Hey @noahtalerman, it turned out this wasn't an Escrow Buddy problem, but it's a side effect of turning Apple MDM off, cause profiles aren't removed from the DB. When Apple MDM was turned on again, the old profile and FileVault certificate were wrong, so Escrow Buddy couldn't escrow the key.

I removed the P1 label.

I added repro steps to reflect what actually happens and changed the title.

I think we can file a feature request to improve this behavior when Apple MDM is turned off. Wdyt?

[spalmesano0]

@JordanMontgomery sounds good to me and thank you for the work on this!

[noahtalerman]

@marko-lisica thanks! Agreed this doesn't deserve P1 but I think it's still a bug.

I think we should be able to turn Apple MDM off and on as much as we want. And, MDM features should work as expected.

[marko-lisica]

@noahtalerman makes sense. I think we can just solve this problem where the disk encryption profile is invalid after MDM is turned back on. Will specify to fix.

[marko-lisica]

When MDM is turned off, and turned back on, Fleet should adjust FileVault profiles and redeploy them so they work with new SCEP CA.

@JordanMontgomery I specified this as a fix. Does the end user need to take any action for the keys to be escrowed (restarting the computer)?

[JordanMontgomery]

@marko-lisica No if we implement this fix the user will not need to take any additional action(outside of our usual flows) since they'll have to re-enroll all devices in MDM anyways.

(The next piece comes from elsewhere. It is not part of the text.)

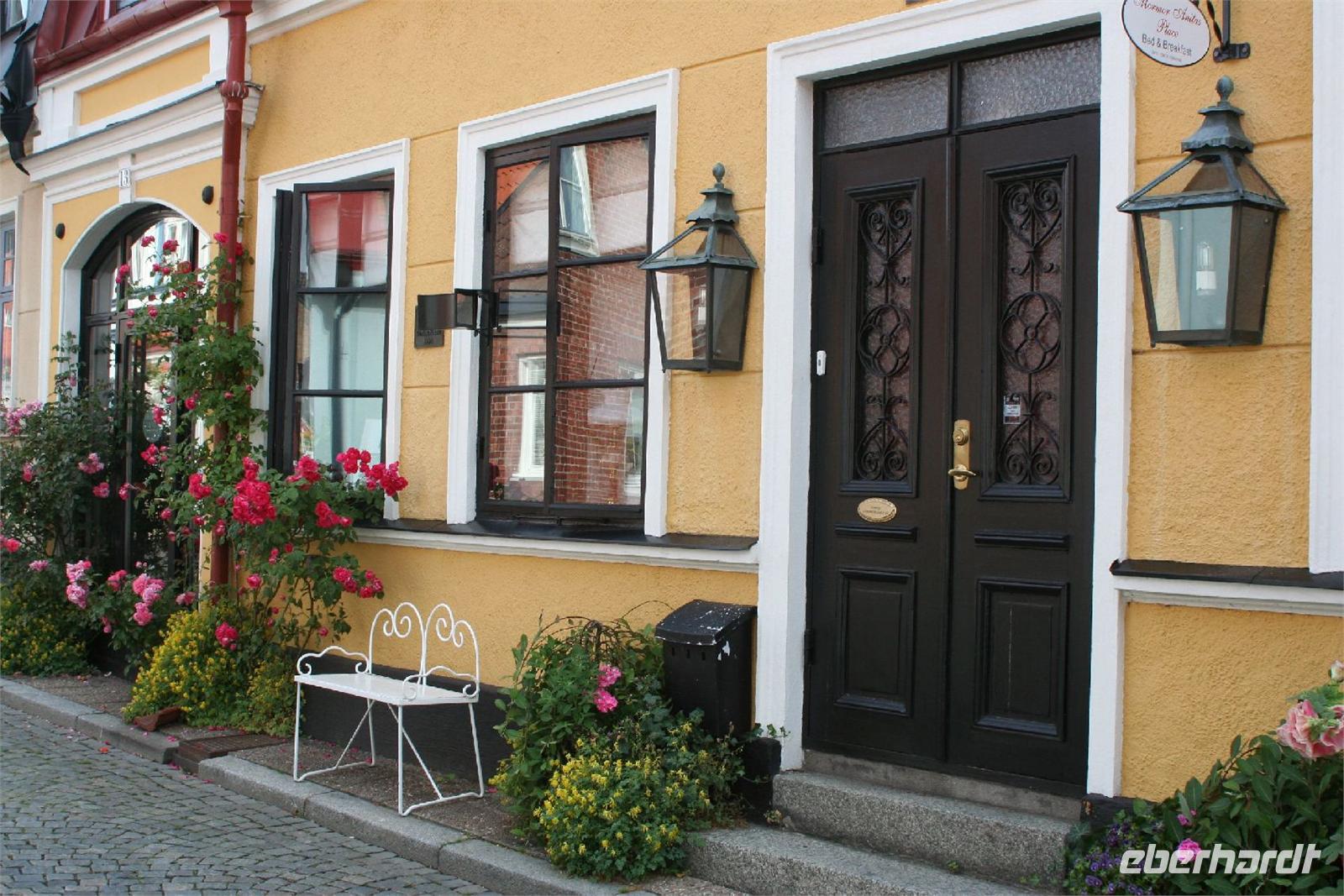 Auf unterhaltsame und spannende Weise begleitete uns Britt durch die beschauliche Kleinstadt. Ob Haus Nr. 13, der Schrebergarten dahinter oder die Konditorei - alles „Tatorte" des eigenwilligen Kommisars Kurt Wallander. Die freundlichen Einwohner nahmen es gelassen, als wir hin und wieder deren Hauseingänge blockierten und in ihre Fenster schauten. Nicht nur Krimifans kamen beim Spaziergang durch Ystad auf ihre Kosten. Wir erfreuten uns an der Blumenpracht vor den wunderschönen Fachwerkhäusern und besichtigten die Kirche St. Marien sowie das alte Kloster. Im duftenden Rosengarten pausierten wir, bevor wir weiter durch die Provinz Blekinge und Smaland fuhren.

For existing customers that hit this, like customer-fiorella they should be able to direct their users to follow the instructions when prompted by the "my device" page to resolve things but I suspect there are few or no other customers in this state.

[ghernandez345]

After looking into this I can see that when turning off and then back on apple MDM a new file vault profile is sent to the host, so it seems Fleet is creating and redeploying the new profiles so they will work with the new SCEP CA. Despite this, I am not able to confirm that disk encryption feature is still working after this flow. I'm not able to retrieve the disk encryption key and it seems it is no longer being escrowed into fleet. below I have summerised the flow I am seeing:

• The initial flow of enrolling a host and enabling disk encryption works. I can see the disk encrytion key is escrowed into fleet, and able to retrieve it via fleet UI or API
• After turning off and on Apple mdm and re-enrolling the same host into Fleet MDM (without disabling disk encryption first), the device shows all expected profiles (including the new file vault profile) but Fleet continues to show the “enable disk encryption” banner. I have confirmed that file vault is still enabled and managed by Fleet on the host.

• The original escrowed key disappears from host_disk_encryption_keys and the column for base64_encrypted is now empty, and attempts to get the key via the UI or API return “resource not found,”

• Orbit logs on the host report failed to re-enable Escrow Buddy in the authorization database.

• Restarting the host and refetching even after a few hours doesn't resolve the issue. At this point it seems the disk encryption feature is no longer working (Fleet users can no longer get the disk encryption key) via the UI or API
• The old key is still stored in the host_disk_encryption_keys_archive table

[ghernandez345]

@MagnusHJensen im gonna move back to ready status as the behaviour im seeing is similar to what the original big describes

[JordanMontgomery]

This looks good in my testing. Turned MDM on, verified profile existed, turned it back off, turned it on again, verified via DB profile was updated, enrolled encrypted host, logged out, verified encryption key got archived

[fleet-release]

FileVault's glow dims, Fleet adjusts, redeploying, Secure keys resurge.